Cette femme aux faux airs de Michèle Morgan, « mince et blonde », timide et provinciale, réservée, voire mutique, s’ennuie. Ses lectures l’amènent à Mauriac et « Thérèse Desqueyroux », une femme qui lui ressemble, mariée par convention elle aussi, engluée dans une vie sans horizon, une femme qui se morfond dans sa grande propriété bordelaise. Ce livre qu’elle affectionne est une œuvre-phare des années cinquante. Au siècle précédent, elle se serait attachée à lire « Madame Bovary »…

Un jour, Madeleine, âme solitaire et résignée, rencontre Guy Morand, homme sans grand relief mais rassurant, employé de la Société des bois du Cameroun, qu’elle épouse, au grand soulagement de la famille, et qui l’emmène en Afrique noire, ce continent des pluies qui vous rincent, des sols rouges qui vous embourbent et des touffeurs qui vous asphyxient. Sa vie provinciale, calée jusqu’alors entre Nantes et ses faubourgs, va-t-elle changer pour autant ? Sa vie sociale peut-être. Mais Madeleine, de maladive réserve, s’enfonce dans une vie de couple convenue, sans éclairs ni même lueurs. À l’image de la terne existence des autres femmes de son entourage, épouses d’« expats », qui organisent des soirées où se retrouve cette « micro société où les gens tournent en rond et s’observent », à la Délégation de Yaoundé, ou dans les grandes propriétés privées des colons cernées de hauts murs qui isolent tout ce beau monde du bruit et de la fureur des indigènes proches de leur rêve d’indépendance. Ces femmes bavardent avec le gratin politique et mondain réuni autour d’elles, plaisantent, mangent, boivent, dansent et trompent leur ennui. Et leurs conjoints, pourquoi pas…Voilà qui pourrait bien traverser l’esprit de Madeleine. C’est du moins ce qu’elle sent et ressent quand on lui présente Yves Prigent, « un homme important » qui vient à Douala de temps en temps « pour des missions secrètes sur lesquelles il ne faut pas l’interroger » lui souffle Jacqueline, maîtresse des lieux à la Délégation et hôtesse d’un soir. Qui est-il ? Un peu aventurier, sans doute, et séducteur, assurément, il pourrait bien devenir son amant et faire dévier peut-être le sens de sa morne vie. « Un jour tu verras / on se rencontrera » : la chanson qui lui trottait dans la tête allait-elle la faire s’envoler vers les rêves attendus ? L’amour fou restera amour flou et l’union ne sera guère plus que caresses alanguies, doux échanges et « promenades en silence le long de la mer. Peut-être que le silence est une façon d’aimer. »
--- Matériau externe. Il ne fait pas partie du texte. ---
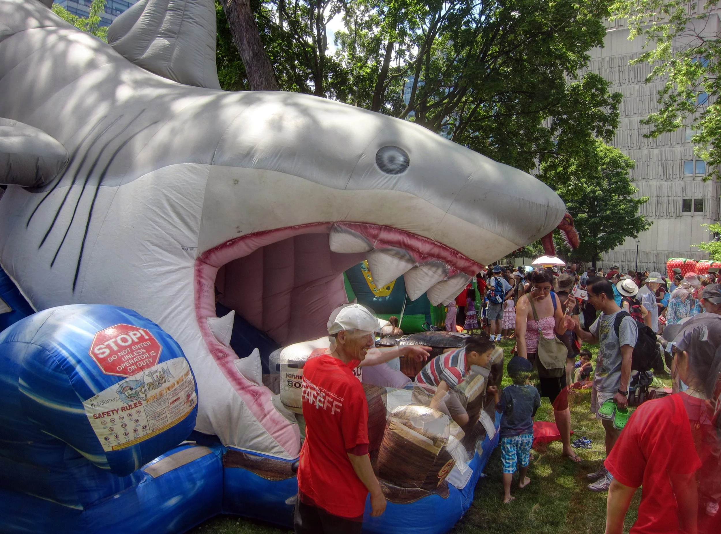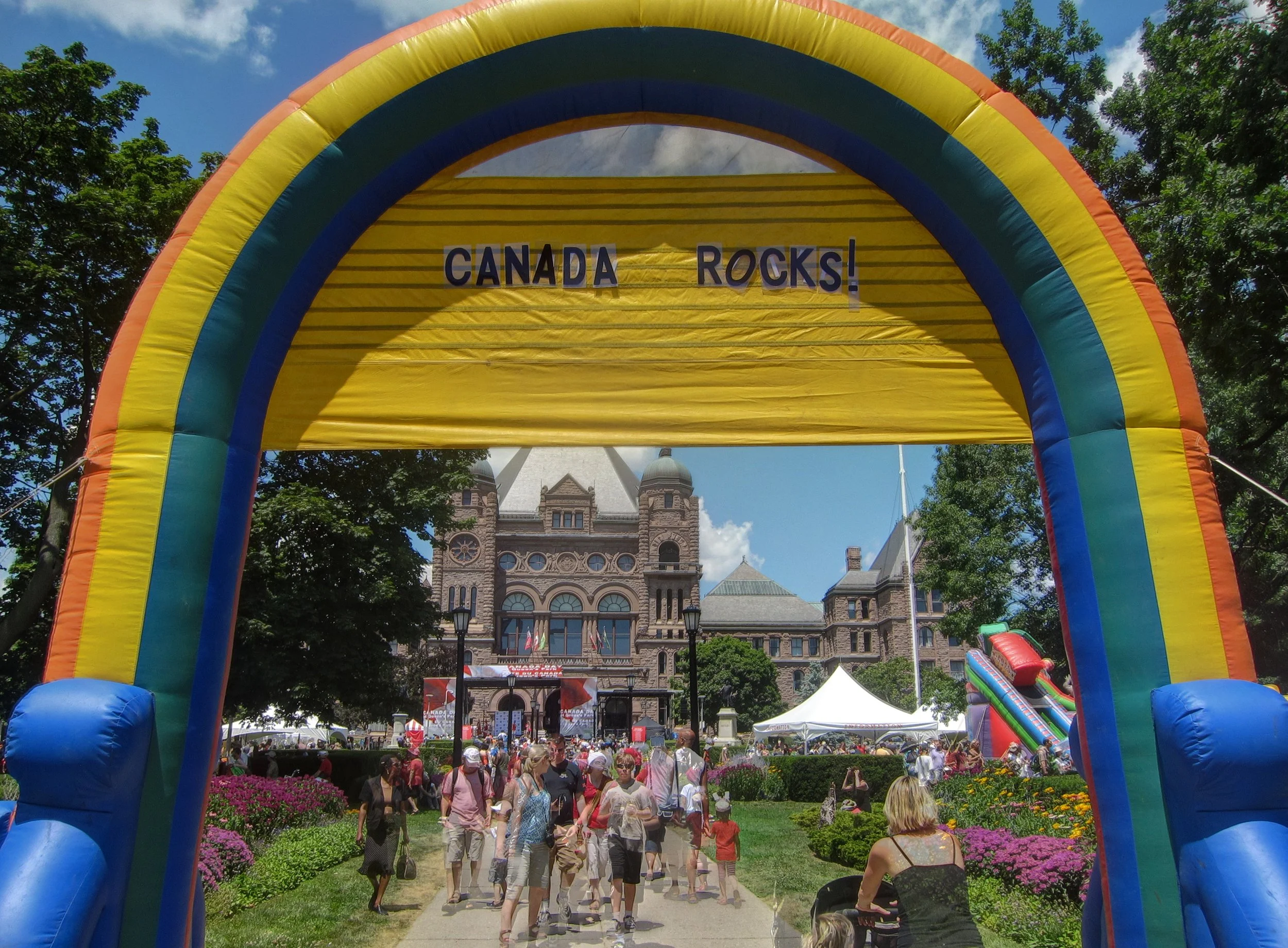 Today is not just any day, it's Canada Day (take that, other countries). It's the day commemorating the partial split of Canada from the British Empire (Wikipedia says that the split wasn't complete until 1982). There are all sorts of celebrations, including this one at Queens Park where strange local bands, inflatable shark slides, tiny flags (I even took one) and maple tinged alcohol all help to promote a healthy sense of self worth.

Quelque chose se sera joué dans le cœur de cette femme, quelque chose d’inachevé mais qui lui « aura ouvert une poche insoupçonnée de rêverie » et « le fait mystérieux et obscur d’avoir vécu ». Dominique Barbéris nous donne à lire magnifiquement, une fois encore, le roman délicat et désenchanté d’un amour inabouti, évanoui sitôt approché, fin malheureuse d’une éphémère aventure africaine que la maman de Madeleine, « femme de la province d’un autre âge » elle aussi, rapportera un jour, à la dérobée, à l’une de ses petites-filles : « Parles-en donc à ta tante, de ce genre de bêtise. Elle a failli en faire une, et une grosse. Tu gardes ça pour toi bien sûr. » Clap de fin d’une tendre et nostalgique échappée belle, à mille lieues de Nantes…

Une façon d’aimer de Dominique Barbéris, Éditions Gallimard, collection Blanche. 205 pages. Parution : 17 août 2023. 19.50 euros.